Quote the lines below from the one containing "特別なモデルです。2ソブリンを含む、3枚セットです。 プルーフ仕上げです。" to the final line, both ends included; exclude the pictures.

(EXERCISE DATA begins)

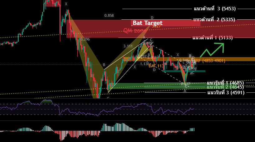 - หากราคาสามารถยืนเหนือ 4901 ได้ เปิดสถานะซื้อ (รอสัญญาณซื้อ) ที่กรอบ 4853-4901 / SL 4840 เพื่อทำกำไร 4949/4965/4680/5006/5023/5041/5063
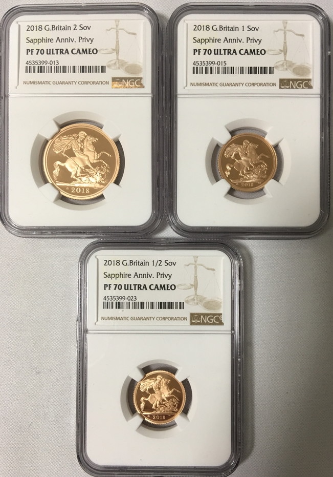 特別なモデルです。2ソブリンを含む、3枚セットです。 プルーフ仕上げです。
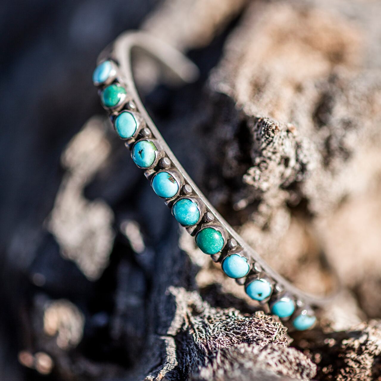 1920-30s Zuni Ingot Snake Eye Row Cuff Bracelet

(EXERCISE DATA ends)

RESULT OF THE EXERCISE:
 特別なモデルです。2ソブリンを含む、3枚セットです。 プルーフ仕上げです。
 1920-30s Zuni Ingot Snake Eye Row Cuff Bracelet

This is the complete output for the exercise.